Las Vegas - Things Are Improving
In our report last year, we believed that consumer confidence was improving in Las Vegas and therefore the retail and real estate would improve in 2011.
Our beliefs were correct. Las Vegas is moving up in many areas like employment, McCarren Airport traffic, visitor count, hotel occupancy, hotel revenues, new businesses, and real estate sales.
Home Sales - Fantastic Numbers
Let's take a look at the real estate market for 2011. SALES: 48,822 single family homes and condos were sold in 2011 according to the Greater Las Vegas Association of Realtors.
These are fantastic numbers. December 2011, sales for single family homes were up 10.9 % from December 2010. Single family homes out performed the condo market. The condo sales decreased 5.6% from a year ago. Previous years of record sales:
- 64,168 sales in 2004
- 58,522 sales in 2005
- 49,792 sales in 2003
- 46,879 sales in 2009
Investors - Finding Lower Prices
The investors found lower prices in 2011 as appraisers were extremely cautious and used foreclosures to calculate value. This practice kept home prices down. The median price of the recorded sales in December was $110,000 which is 7.6% less than December 2010.
The regular sellers were hit hard as their home values were lowered by the uncared for foreclosure property values that were used for comparable properties. The foreclosure properties were the lowest comparables. The process did not compare apples to apples.
Buyers - Willing to Pay
Many buyers were willing to pay more for properties but the banks would not loan more than appraised value which is the standard banking practice.
When the market returns to a "normal" market, the impact of the appraisal process could cause values to increase faster than in a historical normal market due to the values being held down by the foreclosures.
There really is a shadow inventory but we do not know when that inventory will be released as the banks get their act together. The demand for homes is from investors and owner occupants.
Inventory - Who turned off the Spigot?
The inventory of single family homes was 19,230 in December 2011 of which 8,831 do not have a contingent or pending offer. Much of the 8,831 units of inventory is what buyers continue to pass over as they search for better deals or properties in better condition.

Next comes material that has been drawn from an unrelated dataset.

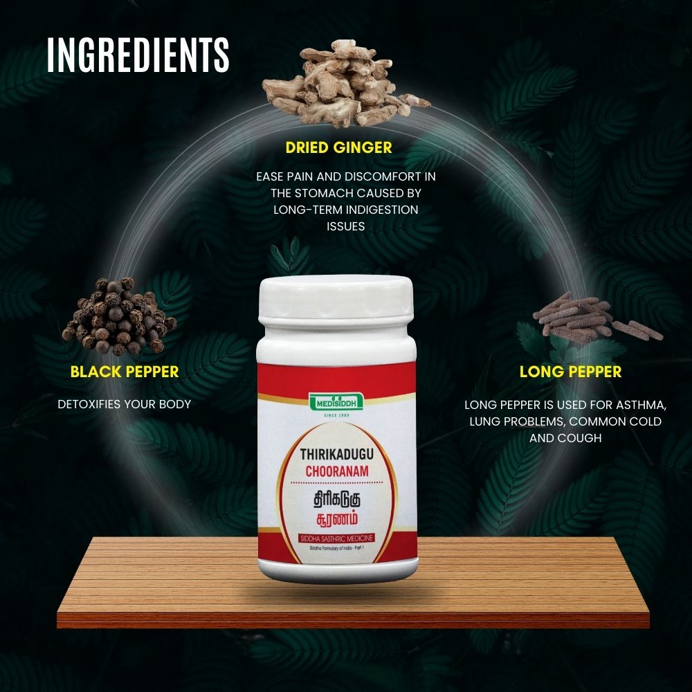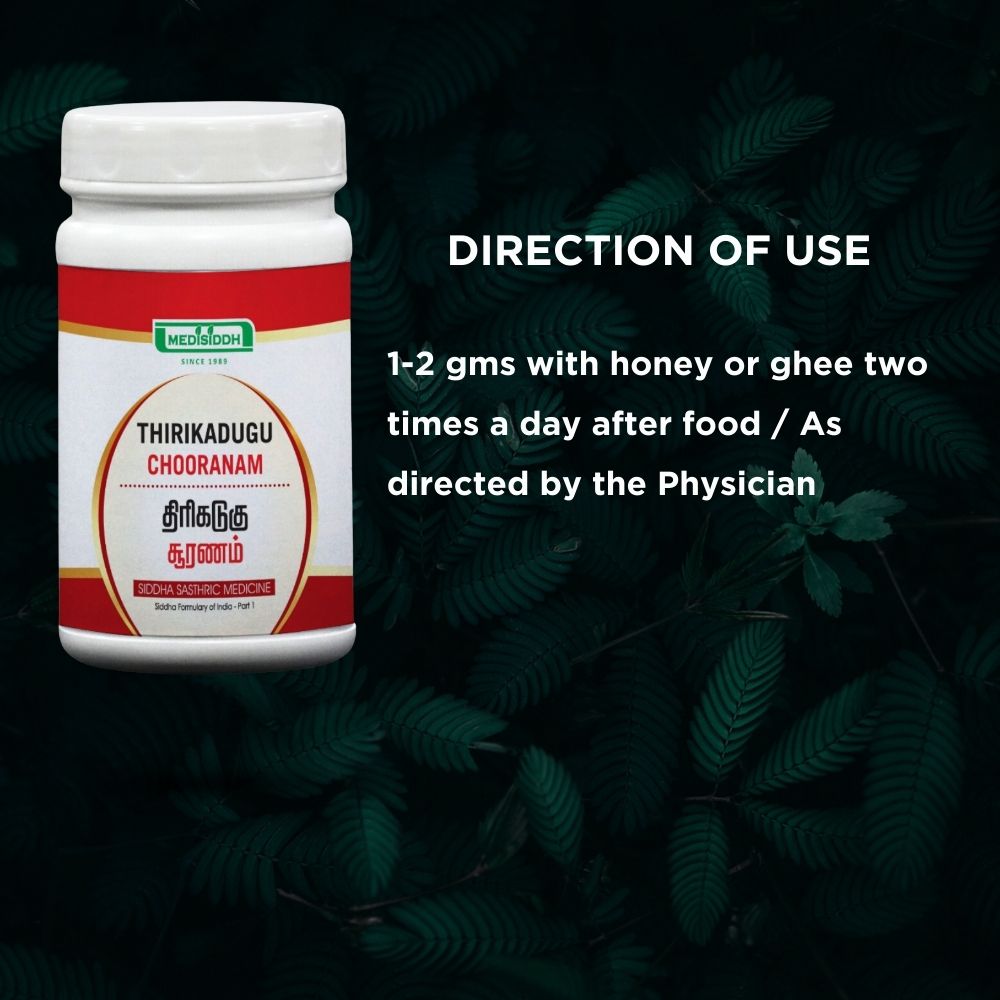 Thirikadugu Chooranam is a traditional herbal formulation crafted to promote digestive health and overall well-being. Made with natural ingredients, it supports respiratory health, boosts vitality, and encourages balance in daily life.

Most of the foreclosures in December 2011 were a result of Home Owner Association liens, not the lenders. 923 notices of default were filed in December. The month to month decline is 12%. Who turned off the spigot?
The Answer - A New Law
The answer is a new Nevada law AB284. AB284 requires the lenders to prove that the signatures were not "robo-signed" before they can foreclosure. In addition, the law will not allow the beneficiary of the foreclosure proceeding to be a trustee.
The law is targeting Banks like Bank of America who used their subsidiary, Recon Trust, in many of their foreclosures. Bank of America will have to use a different trustee. It will take a few months before the notices of default begin to flow out of the spigot.
The Review Journal reported that there are 21,340 pre-foreclosure home owners. These homes have not been foreclosed and many sit empty. In the meantime, prices should increase slowly as inventories continue to decline creating a back log of home buyers and investors.
Home Prices - Las Veagas Comparison
It will be interesting to watch how the market reacts to all of this movement and mess. Government officials are getting into the mix and looking at bulk sales to investors as a strategy to maintain home values.
We continue to monitor and report the activity in the housing market. Our prediction for 2012 is that the median home price will hover around $120,000. The buyers will continue to get real estate bargains of a lifetime.
Home Builders Research reported:
- 2010: Median Existing Home Price $120,000
- 2009: Median Existing Home Price $126,000
- 2006: Median Existing Home Price $200,000
- Existing Home Prices have dropped 60% since 2006.